We applied our method to T2D using the Howard University Family Study (HUFS) data.22 Briefly, the HUFS is a population based family study of African Americans in the Washington, D.C. metropolitan area. The major objective of the HUFS was to enroll and examine a randomly-ascertained sample of African American families, along with a set of unrelated individuals, for the study of the genetic and environmental bases of common complex diseases including hypertension, obesity, diabetes and associated phenotypes. A total of 1082 unrelated individuals had both phenotype and genotype (Affymetrix 6.0) data. Of these, 221 individuals were classified as T2D (defined as fasting plasma glucose concentration > 126 mg/dL, report of a doctor’s diagnosis of T2D, or report of current T2D treatment). Based on previous publications,25,26 19 T2D candidate gene regions (Table 1) were selected for analysis. Of note, the issue of loci interaction is independent from consideration of main effect: loci that strongly interact may or may not be associated individually with the trait. Thus, the SNPs included in our analysis were not first limited to those with a main effect on T2D. Of these, 608 SNPs passed quality control filters: call rate ≥ 95%, Minor Allele Frequency (MAF > 0.05), and Hardy-Weinberg Equilibrium (P-values of HWE > 0.01). After using window size of 50 and R2 score ≥ 0.3 between two loci, 298 SNPs not in LD with each other were used for analysis (Table 1) in 19 candidate T2D gene regions.

Table 1

The list of candidate genes that were analyzed.

Genes	Location	No. of SNPs	Order*
GCKR	2p23	4	1–4
BCL11A	2p16.1	9	5–13
IRS1	2q36	6	14–19
PPARG	3p25	15	20–34
WFS1	4p16.1	8	35–42
KLF14	7q32.3	1	43–43
TP53INP1	8q22	3	44–46
TCF7L2	10q25.3	30	47–76
KCNQ1	11p15.5	71	77–147
KCNJ11	11p15.1	3	148–150
CENTD2/ARAP1	11q13.4	3	151–153
MTNR1B	11q21	4	154–157
HMGA2	12q15	15	158–172
IGF1	12q23.2	8	173–180
HNF1A	12q24.2	3	181–183
ZFAND6	15q25.1	7	184–190
PRC1	15q26.1	6	191–196
FTO	16q12.2	78	197–274
HNF1B	17q21.3	24	275–298

Note:

The order represents the position of the SNP in Figures 1 and 2.

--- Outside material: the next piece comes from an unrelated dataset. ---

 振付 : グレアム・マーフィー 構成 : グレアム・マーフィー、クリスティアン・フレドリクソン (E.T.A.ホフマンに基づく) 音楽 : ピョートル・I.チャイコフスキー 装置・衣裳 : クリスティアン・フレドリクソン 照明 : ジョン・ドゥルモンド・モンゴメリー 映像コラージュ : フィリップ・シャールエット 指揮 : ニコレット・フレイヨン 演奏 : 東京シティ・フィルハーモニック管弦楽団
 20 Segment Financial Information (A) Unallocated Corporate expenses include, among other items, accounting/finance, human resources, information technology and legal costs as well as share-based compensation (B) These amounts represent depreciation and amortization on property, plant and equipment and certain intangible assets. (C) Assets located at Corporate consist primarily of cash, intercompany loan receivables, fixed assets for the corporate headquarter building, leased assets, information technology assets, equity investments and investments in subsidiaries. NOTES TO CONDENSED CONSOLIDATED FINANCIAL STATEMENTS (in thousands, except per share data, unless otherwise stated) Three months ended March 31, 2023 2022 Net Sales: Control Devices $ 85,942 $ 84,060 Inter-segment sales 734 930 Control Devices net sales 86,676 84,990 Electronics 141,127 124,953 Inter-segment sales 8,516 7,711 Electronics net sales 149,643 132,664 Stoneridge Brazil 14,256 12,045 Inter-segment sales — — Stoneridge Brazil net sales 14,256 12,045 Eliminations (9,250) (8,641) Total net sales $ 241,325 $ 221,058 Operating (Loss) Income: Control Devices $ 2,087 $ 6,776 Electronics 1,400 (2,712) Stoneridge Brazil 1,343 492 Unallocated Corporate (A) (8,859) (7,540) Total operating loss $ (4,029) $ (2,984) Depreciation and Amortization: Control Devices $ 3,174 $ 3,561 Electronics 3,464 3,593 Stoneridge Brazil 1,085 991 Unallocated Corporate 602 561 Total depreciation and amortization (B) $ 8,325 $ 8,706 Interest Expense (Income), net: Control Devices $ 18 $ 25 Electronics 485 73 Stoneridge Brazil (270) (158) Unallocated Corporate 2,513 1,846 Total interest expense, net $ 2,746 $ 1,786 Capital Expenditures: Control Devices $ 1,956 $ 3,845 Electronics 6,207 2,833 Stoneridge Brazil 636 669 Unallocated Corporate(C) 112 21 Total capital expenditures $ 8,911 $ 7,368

For reference, logistic regression analysis of each of the loci without interaction was conducted (all results P < 0.01 are presented in Table 2). After correction for multiple tests, no SNP reached the threshold for statistical significance (Bonferroni significant level P < 1.7 × 10−4). The threshold for statistical significance for the gene-gene interaction evaluated by the F-ratio method was set at P < 0.001 (corresponding to an FDR q-value of 0.027); at this level of statistical significance, the dependence between the two loci among cases was over 141 times higher than among controls. 18 significant gene-gene interactions were discovered (the top 7 are presented in Table 3). For comparison, logistic regression was also used to evaluate gene-gene interactions in the same data. To illutrate the overall similarity of these approaches, a heat map was created showing the statistical significance of the interaction term for each pair of SNPs evaluated using the F-ratio (Fig. 1) and logistic regression (Fig. 2) analyses. Similar patterns were observed with both of these methods; at the same level of statistical significance (P = 0.05), there was a concordance rate of 94.09% between the two methods. The generally lower P-values observed with logistic regression are presumed to represent the fact that logistic regression models are already adjusted for the main effect of each of the SNPs, while the F-ratio method is not. Displayed in Figure 3 is the power of the F-ratio method for a variety of δ values (a measure of the deviation from HWE between two SNPs), sample size, and α levels. At an α = 0.05, a δ1 = 0.4, and a sample size of n = 100, the F-ratio method reaches 0.80 power. The strong power that can be achieved at this moderate value of δ with less than 200 individuals suggests the practicality of using this method when sample size is limited.

Table 2

Significant results for single locus association of 298 SNPs in 19 genes.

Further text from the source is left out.